In this path, we do not edit how the VSH is modeled. It would still need to be taken care of in another loop.

Analyzing the edited SW and PERM models shows that the problematic cross-plots are now cleaned (Figure 6 for porosity-SW, Figure 7 for porosity-PERM). Interestingly, the new SW model still respects well, and in fact slightly better, the vertical trend captured by the VTC (Figure 8) than the original SW model did, even while this VTC is not used anymore to model the SW. When looking into it, it does make sense. Porosity and SW are negatively correlated: in average, the higher the water saturation, the lower the porosity. The porosity and the SW VTCs show similar relationships (Figure 2): if a K layer has a high average water saturation value, it tends to have a low average porosity value. Our modified workflow still respects the porosity VTC and it now uses the porosity-SW correlation.
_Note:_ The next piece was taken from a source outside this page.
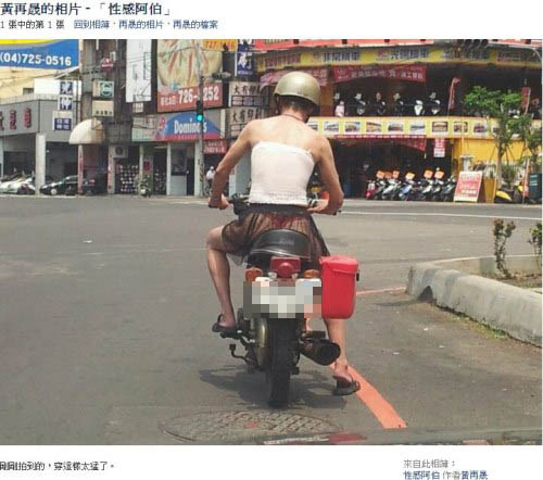 拍到“性感阿伯”的是臉書用戶“黃再晟”。他23日在馬路上發(fā)現(xiàn)“性感阿伯”,立刻拍下來上傳到臉書(Facebook),直呼“剛剛拍到的,穿這樣太猛了。”“真人真事親眼目睹,當(dāng)下震驚萬分!”據(jù)其它網(wǎng)友指出,拍照地點在彰化市中山路2段。

This modification turned out to be enough to see the vertical trend from the SW VTC respected too.

Similarly, it is interesting to see that the cross-plot of SW-permeability has improved too, even if it was not used as input. SW and PERM have now better distributions and a side-effect was to fix that cross-plot as well.

As mentioned earlier, the work on this specific workflow should be continued and maybe looped a few more times to see if certain displays can be improved even more. Fixing the VSH would be a priority. This work is beyond the scope of this book as it would mean applying the same approach already described here.